Chowara is a small town near Aluva in the Ernakulam district in the state of Kerala, India.

==Demographics==
At the 2001 India census, Chowwara had a population of 13,603. Males constituted 50% of the population and females 50%. Chowwara had an average literacy rate of 79%, higher than the national average of 59.5%: male literacy was 81% and, female literacy was 76%. In Chowwara, 10% of the population was under 6 years of age.

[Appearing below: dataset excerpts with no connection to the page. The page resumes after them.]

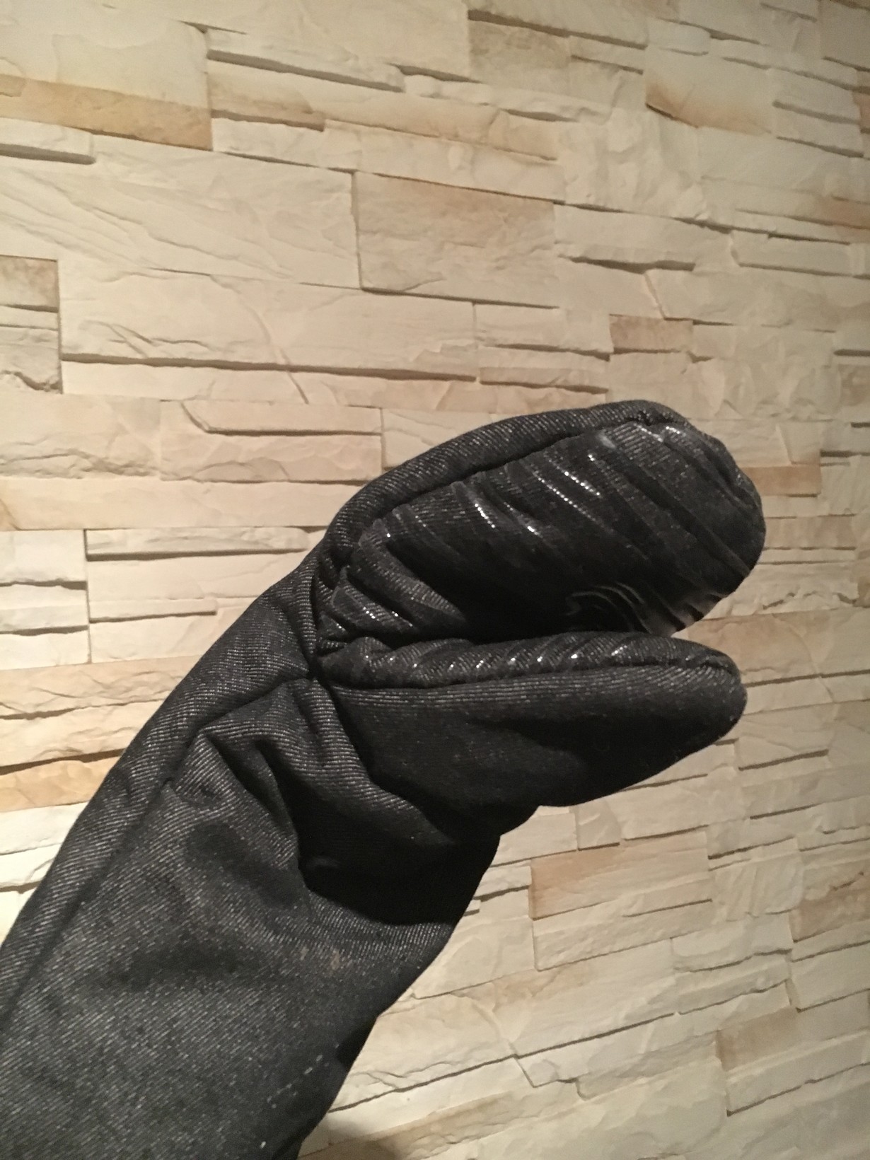 ...toimii! Tätä kuvaa ottaessa tosi tuli ajatus, että voisi sitä ostaa uuden patakintaan. Onhan tämä nyt aika ruma! Kinnas on alunperin poikaystäväni ja jäänyt yhteisessä kodissa käyttöön. Missä minun omat kintaani ovat? Kyllä minulla sellaisia on ollut...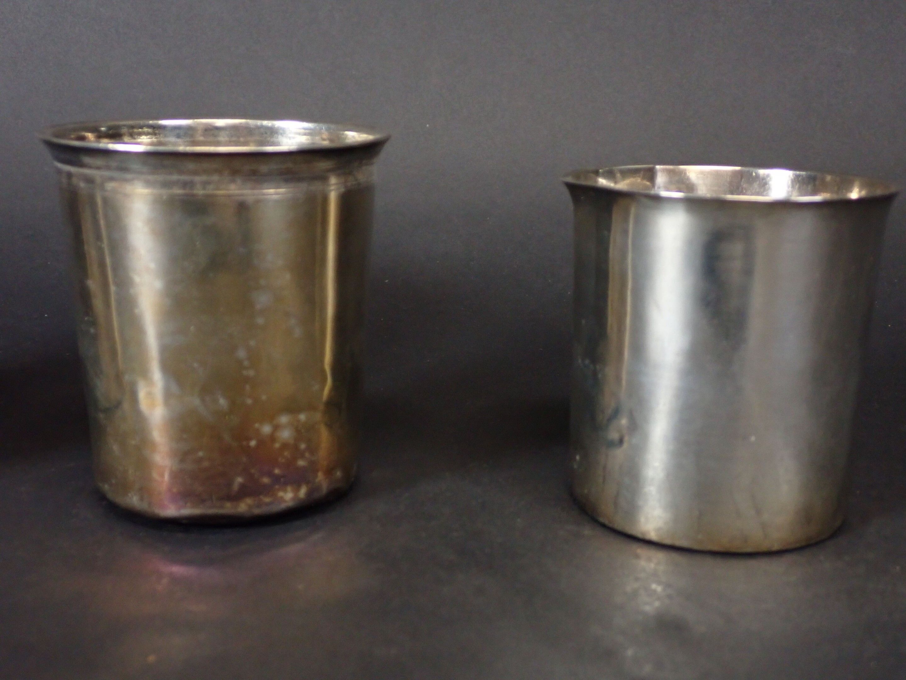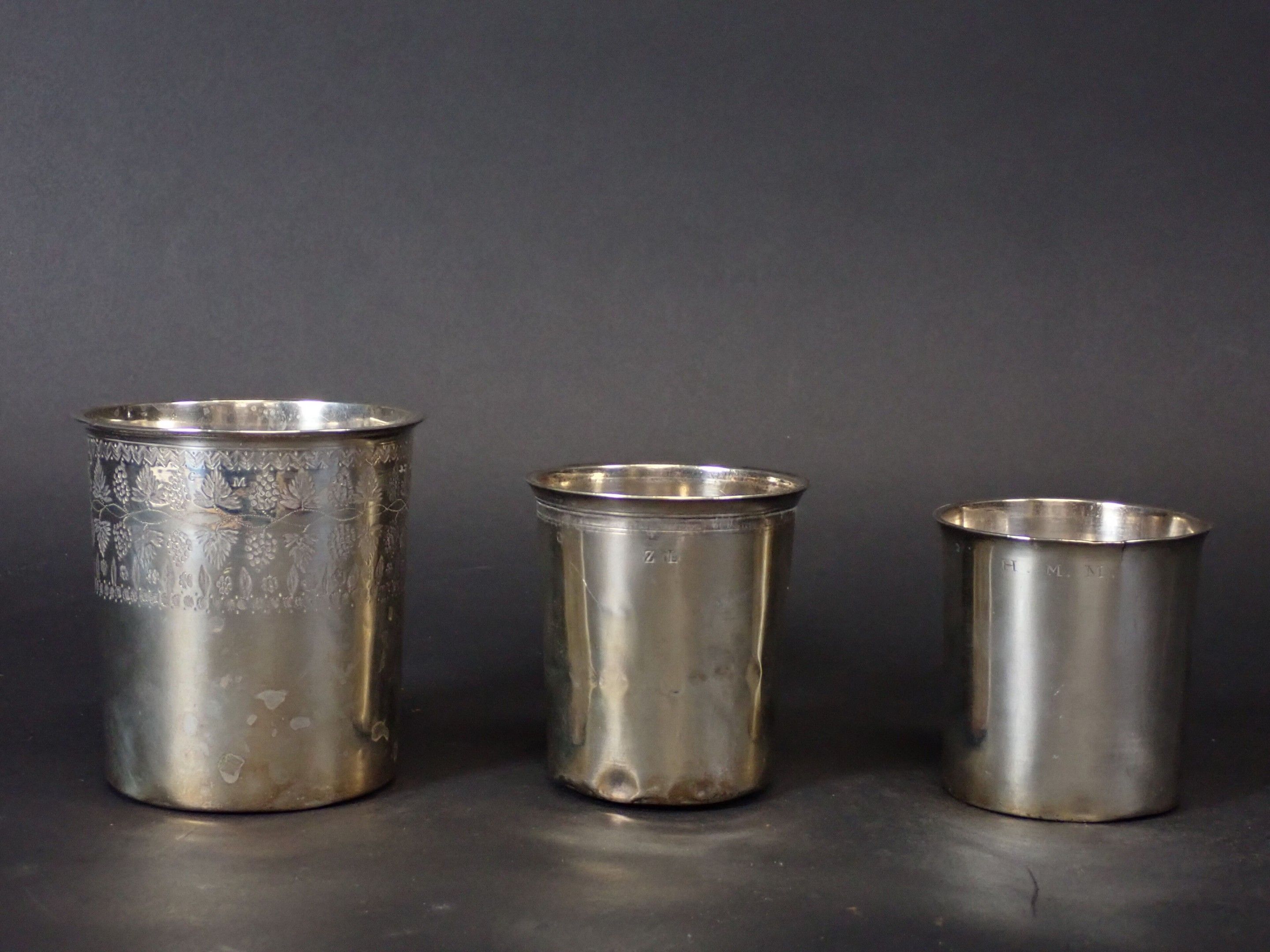 Set of three solid silver kettledrums 800/1000th, different shapes and decorations, total net weight: 346 g, height from 7 to 9 cm, wear.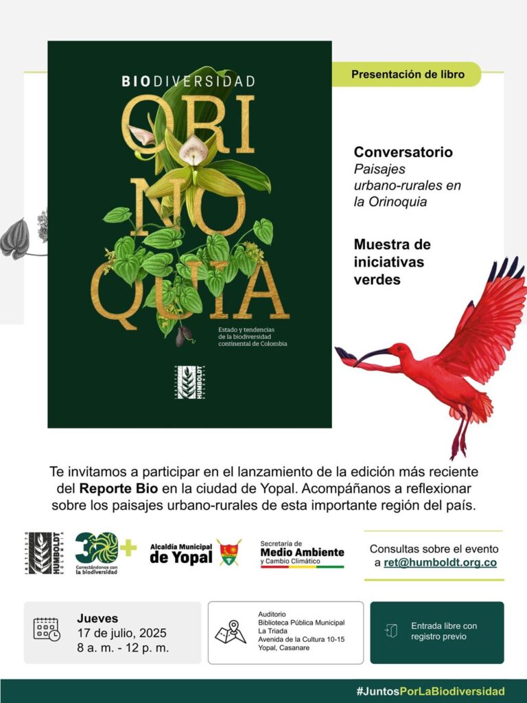 La biodiversidad de la Orinoquia será protagonista este jueves 17 de julio, con la presentación oficial de la más reciente edición del Reporte Bio: “Biodiversidad Orinoquia. Estado y tendencias de la biodiversidad continental de Colombia”, un espacio de encuentro para dialogar, aprender y valorar la riqueza natural de nuestra región.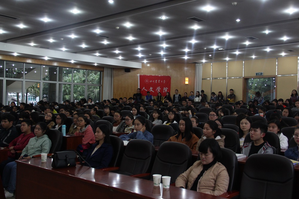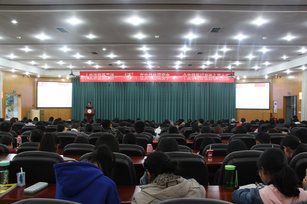 10月24日下午四点半,“人文讲堂”第三讲在十教一楼学术报告厅开讲,上学期从爱尔兰访学归来的威廉希尔英语系董梅副教授以“‘活’,在文学的现实中——一个文学爱好者的心灵之旅”为题担任主讲嘉宾。威廉希尔经理吴军赞,团委副书记曹小娇,英语系老师朱葵、刘世林、彭雪以及2017级汉语言专业、英语专业的全体同学到场聆听本次讲座。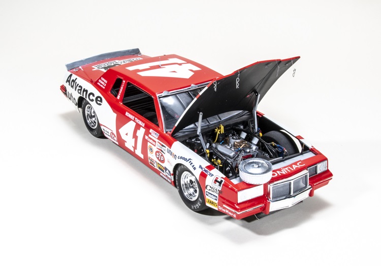 B. Wade Brooks’ finished his AMT 1/16 scale 1981 Pontiac Grand Prix by detailing the engine and cockpit with aftermarket photo-etched metal, vinyl lines, and braided hoses. To depict the 1983 effort of his friend Ronnie Thomas’ NASCAR entry, he painted the body Tamiya Bright Red, White, and Clear. Citadel Nuln Oil gave the engine an appropriately used appearance.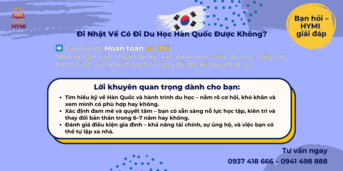 [Bạn hỏi – HYMI giải đáp] Đi Nhật về có đi du học Hàn Quốc được hay không?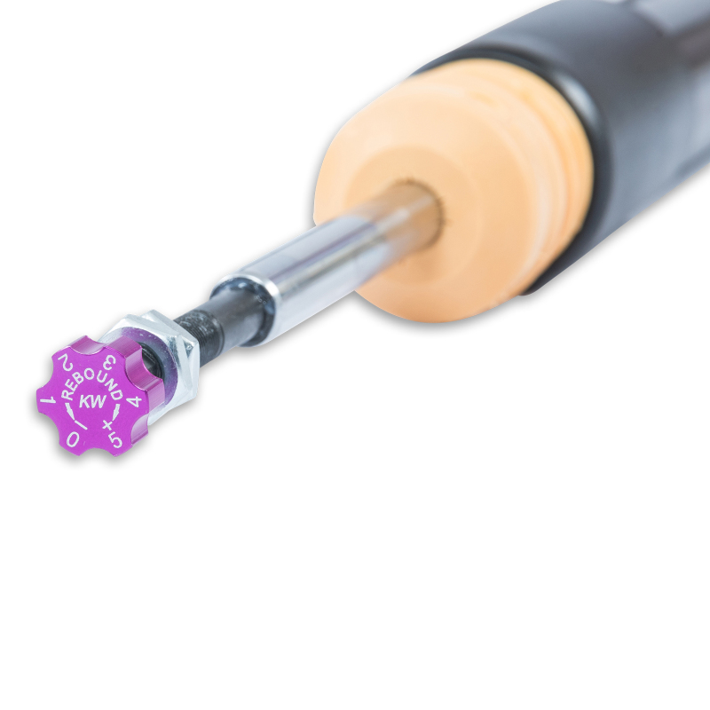 KW V2 INOX-LINE coilovers are the perfect solution for drivers who want more than just outstanding looks and adjustable ride height. In addition to stainless steel coilover struts, and corrosion-resistant components built for long term durability, KW V2 coilovers utilize TVR-A (Twin Valve Rebound – Adjustable) technology that allow Adjustment of the rebound damping characteristics with 16 clicks so you can fine tune the ride comfort or performance to your satisfaction. As with all KW coilovers our engineers develop vehicle specific damper settings that undergo comprehensive testing on the Nurburgring Nordschleife and in our KW 7-post Driving Dynamic Test Center. With a KW coilover kit the driving experience is more dynamic and direct. With the rebound adjustability you have a more direct influence on the handling or comfort of the car. With 16 precise clicks you can adjust the KW dampers (more firm or more comfortable) without affecting the compression damping fine-tuned by our engineers. The two-stage, patented TVR-A (Twin Valve Rebound – Adjustable) technology enables a small volume of oil flow through an adjustable, conically shaped, low-speed bypass during low damper speeds, while at high damper speeds, the main rebound stage valve opens allowing a larger volume of oil to flow. This provides a big improvement in terms of ride comfort without influencing the high-speed range. There are 16 precise clicks available for individual settings, so you can choose between more comfort or more body control. With KW V2 coilovers you can achieve maximum lowering within an approved lowering range that ensures a proper functioning suspension and adequate travel after your car is lowered. Even after years of use you can easily adjust the ride height thanks to the dirt resistant trapezoid thread and composite adjustment collar.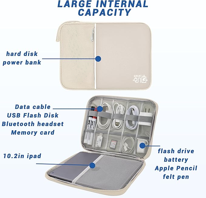 Electronics Organizer,Travel Cord Organizer Pouch, Portable Cable Organizer Bags, Waterproof Electronic Accessories Storage Case for Cables, Cords, Charger, Phone (Single Layer-Large-Beige)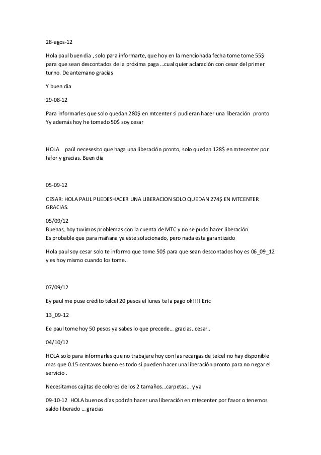 3. 3. 28-agos-12 Hola paul buen dia , solo para informarte, que hoy en la mencionada fecha tome tome 55$ para que sean descontados de la próxima paga …cual quier aclaración con cesar del primer turno. De antemano gracias Y buen dia 29-08-12 Para informarles que solo quedan 280$ en mtcenter si pudieran hacer una liberación pronto Yy además hoy he tomado 50$ soy cesar HOLA paúl necesesito que haga una liberación pronto, solo quedan 128$ en mtecenter por fafor y gracias. Buen dia 05-09-12 CESAR: HOLA PAUL PUEDESHACER UNA LIBERACION SOLO QUEDAN 274$ EN MTCENTER GRACIAS. 05/09/12 Buenas, hoy tuvimos problemas con la cuenta de MTC y no se pudo hacer liberación Es probable que para mañana ya este solucionado, pero nada esta garantizado Hola paul soy cesar solo te informo que tome 50$ para que sean descontados hoy es 06_09_12 y es hoy mismo cuando los tome.. 07/09/12 Ey paul me puse crédito telcel 20 pesos el lunes te la pago ok!!!! Eric 13_09-12 Ee paul tome hoy 50 pesos ya sabes lo que precede… gracias..cesar.. 04/10/12 HOLA solo para informarles que no trabajare hoy con las recargas de telcel no hay disponible mas que 0.15 centavos bueno es todo si pueden hacer una liberación pronto para no negar el servicio . Necesitamos cajitas de colores de los 2 tamaños…carpetas… y ya 09-10-12 HOLA buenos días podrán hacer una liberación en mtecenter por favor o tenemos saldo liberado … gracias

Chowara is a village part of the Sreemoolanagaram Panchayat in Aluva Taluq of the Ernakulam district in Kerala, India. Located on the River Periyar, Cochin International Airport Limited – CIAL at Nedumbassery, is 6.3 km away from Chowara. It's accessibility through Rail (Chowara Railway Station), Air (CIAL Airport) and Water (Chowara Ferry).

==Politics==
Chowara is in the constituency of Aluva Kerala Legislative Assembly.Chowara is part of the Chalakudy (Lok Sabha constituency). Anwar Sadath is the MLA of Chowara constituency of Aluva. It is part of Chalakudy (Lok Sabha constituency).

== Travel ==
Chowara is well connected by air, road and rail from all parts of the State.

=== By Air ===
Cochin International Airport is just 6.3 km from the town center. Regular domestic and international connections are available from the airport.

=== By Train ===
Chowara railway station (IR Code: CWR) in the town, The Chowara Railway Station is close to Aluva Railway Station, a major railway station in Kerala

=== By Bus ===
Mainly private buses are here. KSRTC buses servicing from Aluva to Angamaly, Kalady Via Chowara-Mahilalayam bridge.

=== By Bridge ===
From Aluva around 3 km towards perumbavoor transport route Mahilalayam -thuruth bridge is the easiest way to access chowara.

===By car===
Taxis – Taxis and Uber are available

Rented Vehicles – There are many places where you can rent Cars and Bikes.